§ **MATERIALS PROVIDED**
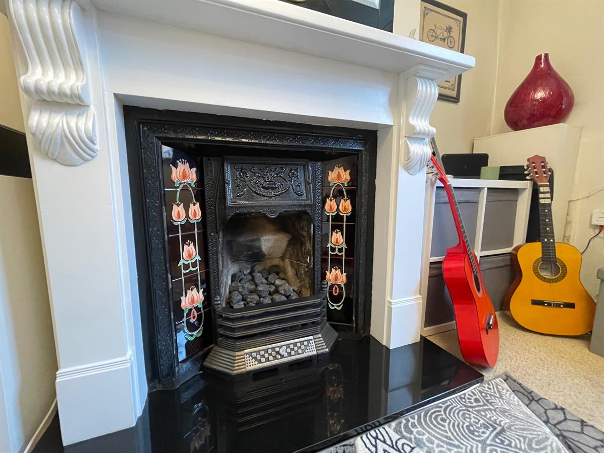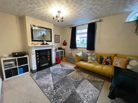 Generous reception room having feature fireplace with tiled slips and hearth and wooden surround, housing a coal effect fire, uPvc double glazed window to front elevation and single glazed arched window to front elevation. Radiator.
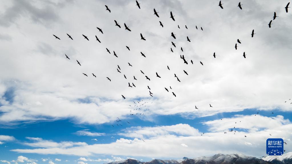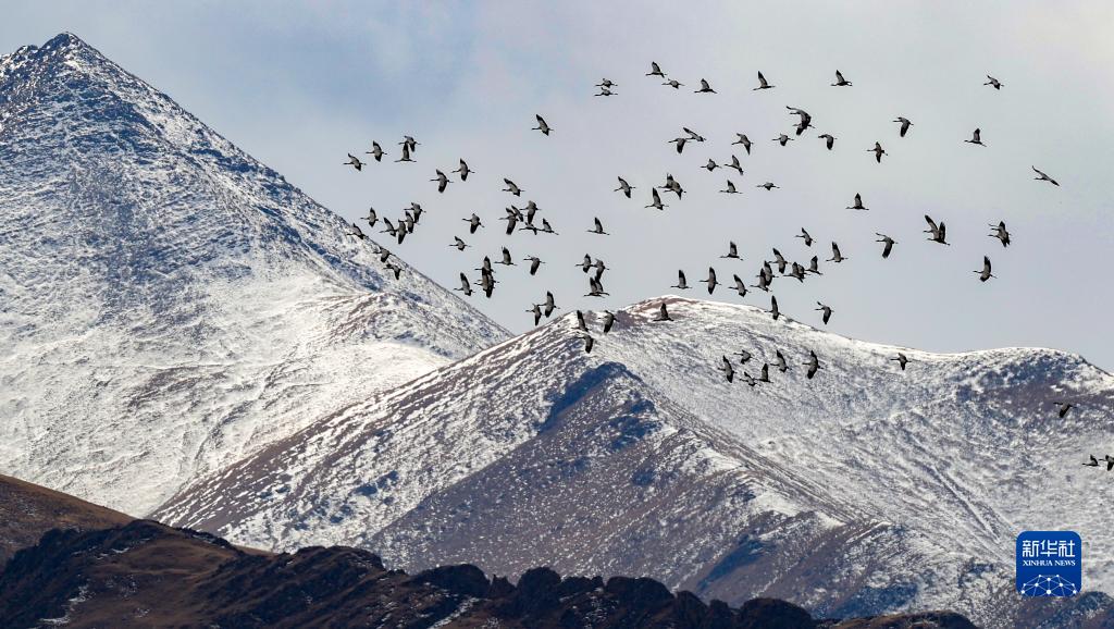 黑頸鶴群飛過林周縣強(qiáng)嘎鄉(xiāng)境內(nèi)山梁(11月6日攝)。新華社記者 姜帆 攝
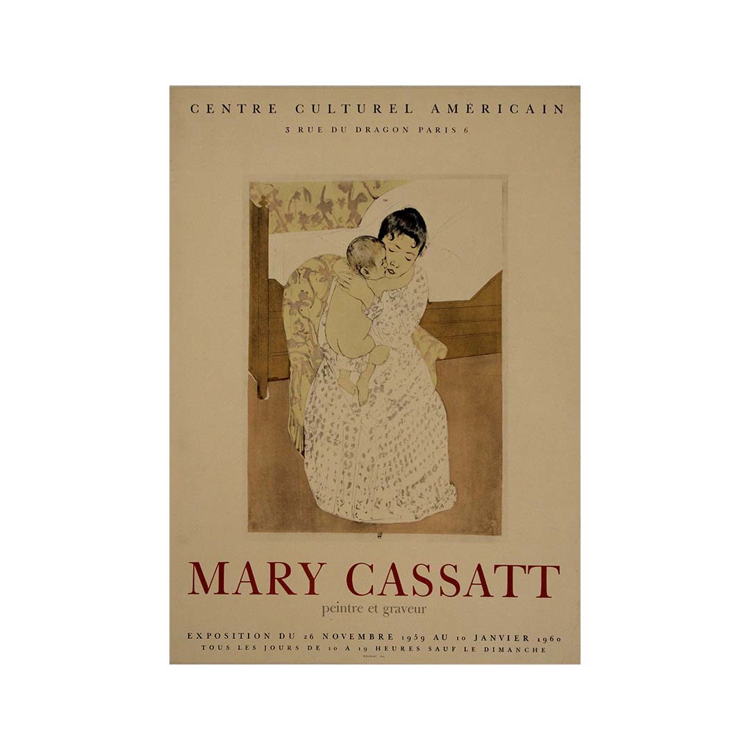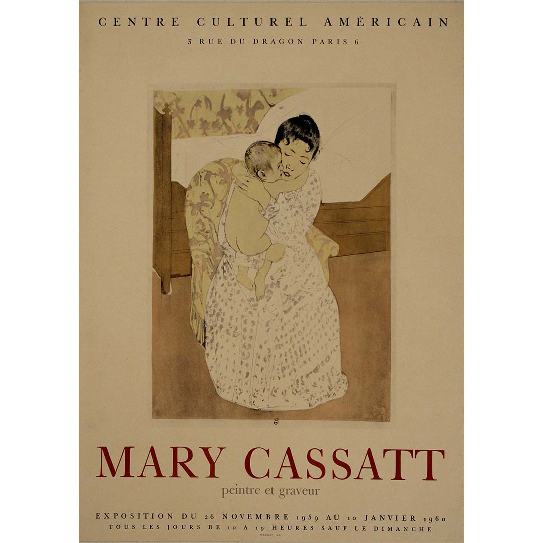 La typographie de l'affiche est d'une élégante sobriété, le titre « Peintres et graveurs au Centre culturel américain » étant mis en valeur par une police à empattements classique. Ce choix typographique s'accorde à l'esthétique raffinée des œuvres de Cassatt, conférant à l'exposition une aura de sophistication et de portée culturelle. Le texte est soigneusement positionné pour équilibrer la composition, veillant à renforcer, plutôt qu'à nuire, à l'impact visuel de l'image centrale.
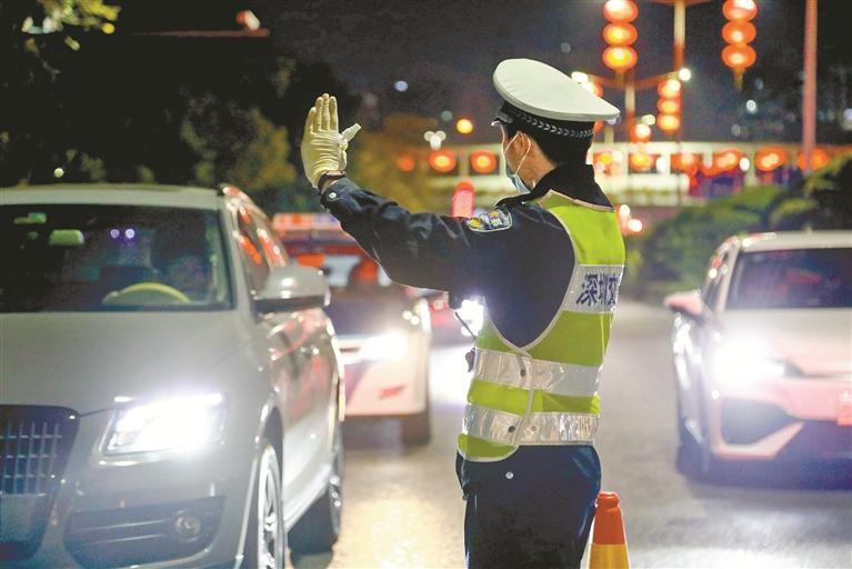 深圳公安交警夜间上路执勤,护航市民出行安全。
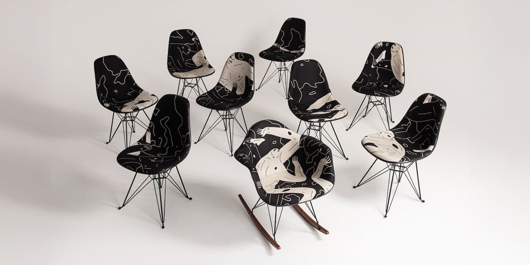 This limited-edition series features nine Upholstered Side Shells on Eiffel Tower Bases and an Upholstered Arm Shell Rocker, each hand-signed by Peterson. Staying true to his signature style, the designs use stark black-and-white contrasts to symbolize the tension between despair and resilience.
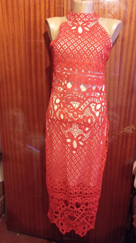 плаття міді ззаді на замочку червоного кольору спереду ажур знизу беж ззаді повністю червоний колір дуже гарний на тендітну дівчину високого росту
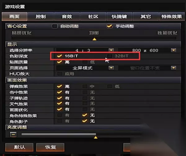5、再点击画面,把色彩深度改为16bit。
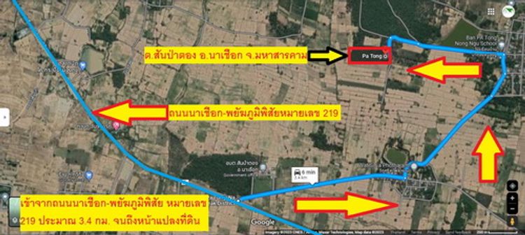 สถานที่ใกล้เคียง / Nearby Places 1. โรงเรียนบ้านป่าตองหนองงู 950 เมตร 1. Ban Patong Nong Ngu School 950 meters 2. องค์การบริหารส่วนตำบลสันป่าตอง 3.3 กม. 2. San Pa Tong Subdistrict Administrative Organization 3.3 km. 3.ตลาดนัดโค-กระบือหนองกุง 5 กม. 3. Nong Kung Ko-Buffalo Market 5 km. 4.ที่ว่าการอำเภอยางสีสุราช 9.1 กม. 4. Yang Si Surat District Office 9.1 km. 5.โรงพยาบาลนาเชือก 14 กม. 5. Na Chueak Hospital 14 km. 6.ทางเข้าทรัพย์ติดถนนลูกรัง (ถนนกว้าง 5 เมตร) ห่างถนนลาดยาง 700 เมตร 6. The entrance to the property is on a dirt road (5 meters wide road), 700 meters from the asphalt road. 7. ห่างจากถนนนาเชือก-พยัฆภูมิพิสัย (หมายเลข 219) 3.3 กม. 7. away from Na Chueak-Phayakhaphum Phisai Road (No. 219) 3.3 km. 8. ห่างจากตัวอำเภอนาเชือก 14.9 กม. และ ห่างจาก ตัวจังหวัดมหาสารคาม 72 กม. 8. away from Na Chueak District 14.9 km. away from Maha Sarakham Province 72 km. 9. ที่ดินเสมอถนน 9. Land equal road
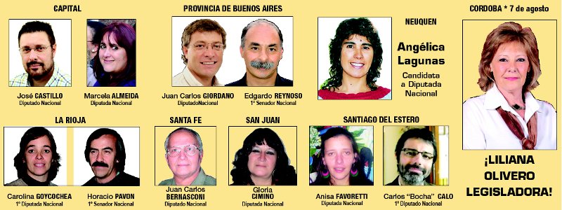 Ernestina Pais es conductora central de CQC y del programa matutino en radio Metro, Día Perfecto. En la emisión radial del pasado lunes, luego de escuchar un spot del Frente de Izquierda denunciando el intento de proscripción, se solidarizó, reclamando que la izquierda tiene que estar en las presidenciales de octubre. Lo mismo hizo Jorge Lanata en el programa La Cornisa de Luis Majul del pasado domingo Anotate como fiscalEl las elecciones del próximo 7 de agosto en Córdoba, el Frente de Izquierda tiene el desafío de reelegir a nuestra actual diputada Liliana Olivero e intentar ir por más bancas de izquierda. Pero como se vota por primera vez con boleta única, los punteros de los partidos tradicionales tratarán de ganar votos con maniobras o distintas “interpretaciones” en desmedro de la izquierda. No lo tenemos que permitir. Por eso tenés que ayudarnos a fiscalizar la elección para defender cada uno de los sufragios que obtenga el Frente. Otro tanto pasará en la estratégica provincia de Buenos Aires. En este distrito, el Juez Blanco había dispuesto que cada partido se hiciese cargo de la distribución de las boletas para el cuarto oscuro el 14 de agosto. Cada partido tenía que llevarlas a cada urna el día de la votación. Esto siempre lo hizo el Correo, desde 1983. Si bien la Cámara Nacional Electoral no hizo lugar a esta resolución y dijo que garantizará las boletas, tenemos que tomar todos los reaseguros para ello. Por eso es que llamamos a redoblar el esfuerzo para que el Frente de Izquierda tenga la mayor cantidad de fiscales para cuidar los votos que obtenga en este distrito clave. Lo mismo en el resto de las provincias. Anotate como fiscal y ayudanos a vencer la proscripción en todo el país. ¡OJO con un mail falso!Está circulando por Internet un mail con información falsa. El mismo indica que, en las internas del 14 de agosto, hay que “poner todas las boletas juntas de los candidatos que el votante desee que participen en los comicios de octubre... Por ejemplo, si hay 7 boletas, se pueden poner las 7...sin que sean anuladas”. Esto es FALSO. Si se vota de esa manera, los votos serán anulados, como lo es en cualquier elección. Es decir, el que ponga varias boletas de la misma categoría (por ejemplo a presidente) de distintos partidos adentro del sobre, está anulando a todos. La falsa información es claramente malintencionada ya que está propiciando el voto nulo, cuando lo que hace falta en las internas del 14 de agosto es votar al Frente de Izquierda para que alcancemos los 400.000 votos que nos exigen para que no nos proscriban de las presidenciales de octubre. ¡A no dejarse confundir! Balotaje porteño: Nuevo revés para el kirchnerismoSerá porque el resultado ya estaba cantado. Será por las vacaciones de invierno o por la “ola polar. Pero lo cierto es que pocas veces una elección porteña concitó tan poco interés. Eran las cinco de la tarde y faltaban votar 250 mil personas. A “última hora”, luego que desde ambos candidatos hicieran llamados a “concurrir a votar”, se terminó acercando más gente y los números del comicio aparecieron “presentables”. El candidato de Cristina sufrió una nueva derrota, cayendo categóricamente por 65 a 35%. Quedó demostrado que el supuesto “progresismo” kirchnerista no es alternativa al macrismo. No podía serlo: con él vino co-gobernando la Ciudad. Como dijimos en nuestra campaña, ninguno de los dos solucionó ni va a solucionar los graves problemas sociales. La falta de vivienda la sufren tanto los trabajadores y familias porteñas, como aquellos que viven en el resto del país. Lo mismo pasa con el desastre de la educación y la salud pública. Tanto Macri como Cristina respondieron con represión y muerte, como ocurrió en el Indoamericano y en Jujuy. Carlos Tomada, el vice de Filmus, era carne y uña de Pedraza, el mayor responsable del asesinato de Mariano Ferreyra. El gobierno nacional trató patéticamente de ofrecerse como contracara del macrismo, incluso mostrándose como más “eficiente para la seguridad”, militarizando la zona sur de la Ciudad con Gendarmería y Prefectura. Obviamente no lo lograron. Sacaron menos votos que en el balotaje de 2007. El operativo kirchnerista pos-elecciones de decir que sacaron el “mayor porcentaje de su historia”, o de que el resultado se debe a “las maniobras de Clarín”, suena tan ridículo que ni merece respuesta. Se viene el segundo mandato de Macri. Pasaron las elecciones, el kirchnerismo, con la excusa de ser la oposición “seria”, volverá a votarle la mayoría de las leyes. Como en los cuatro años pasados, seremos los luchadores y la izquierda los que volveremos a oponernos a las políticas privatistas y elitistas del gobierno de la Ciudad. J.C.
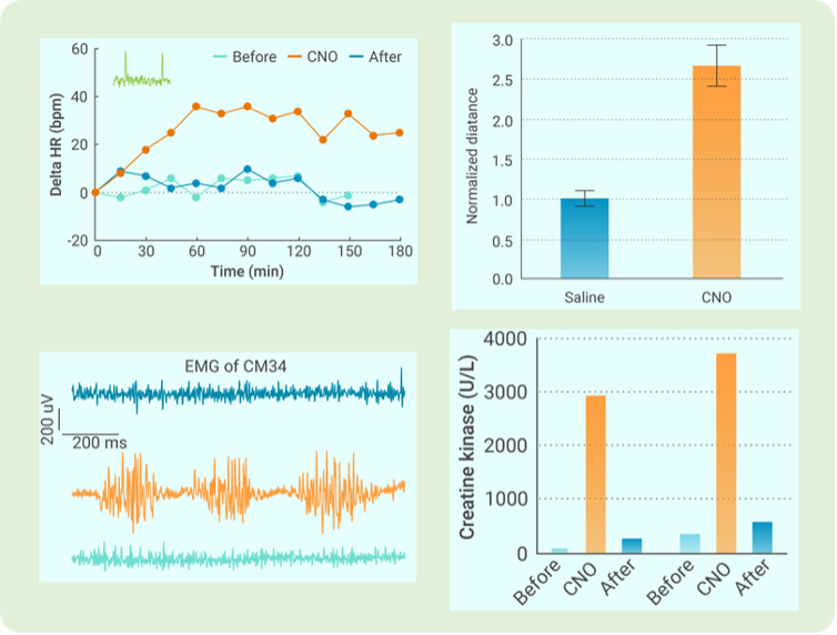 通过降低体温来降低神经元对能量的需求,被证实在中风等脑疾病的小鼠模型中,具有神经保护作用。但是小鼠作为自然休眠的物种,对低温耐受能力很高。休眠中的小鼠体温可以降低至18℃,心率可以降低到日常的30%。如何将基于小鼠的丰富研究成果,推广到体型为其千倍的人类上,还有着漫长的距离。通过非人灵长类动物模型,可以良好的填补这个空白。本研究利用与小鼠相同的神经调控手段,靶向相同脑区的同一类型神经元,成功地调控了非人灵长类动物的体温,为通过降温来保护神经,提供了有益的探索。
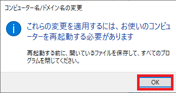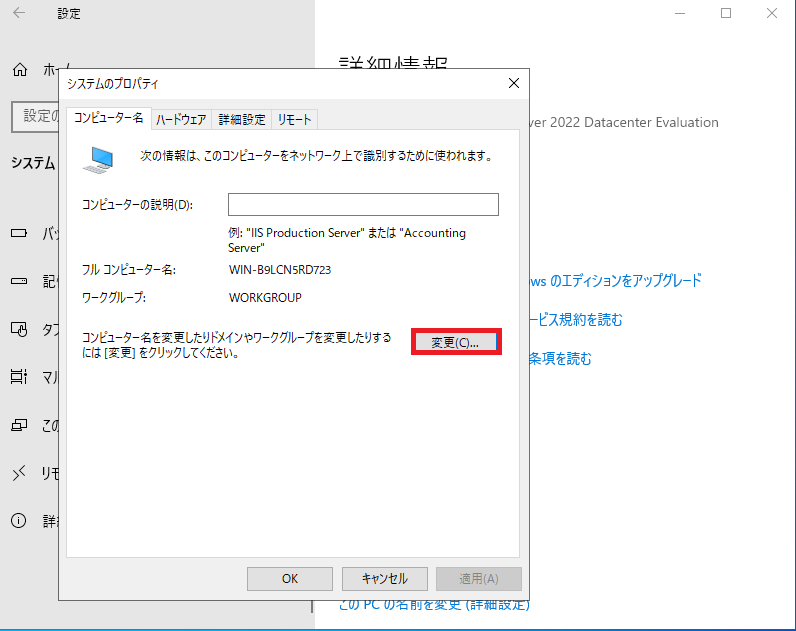 ⑵Windowsのスタートメニューから「設定」>「システム」>「詳細情報」>「このPCの名前を変更」をクリックし、上記画像の「システムのプロパティ」画面を起動し、「変更」をクリック。

§ **WHAT YOU NEED TO DO**
Give back exactly the lines above from the one with "黑頸鶴群飛過林周縣強(qiáng)嘎鄉(xiāng)境內(nèi)山梁(11月6日攝)。新華社記者 姜帆 攝" through the one with "深圳公安交警夜间上路执勤,护航市民出行安全。", both included. Pictures don't belong in the copy.

§ **THE COMPLETED TASK**
 黑頸鶴群飛過林周縣強(qiáng)嘎鄉(xiāng)境內(nèi)山梁(11月6日攝)。新華社記者 姜帆 攝
 La typographie de l'affiche est d'une élégante sobriété, le titre « Peintres et graveurs au Centre culturel américain » étant mis en valeur par une police à empattements classique. Ce choix typographique s'accorde à l'esthétique raffinée des œuvres de Cassatt, conférant à l'exposition une aura de sophistication et de portée culturelle. Le texte est soigneusement positionné pour équilibrer la composition, veillant à renforcer, plutôt qu'à nuire, à l'impact visuel de l'image centrale.
 深圳公安交警夜间上路执勤,护航市民出行安全。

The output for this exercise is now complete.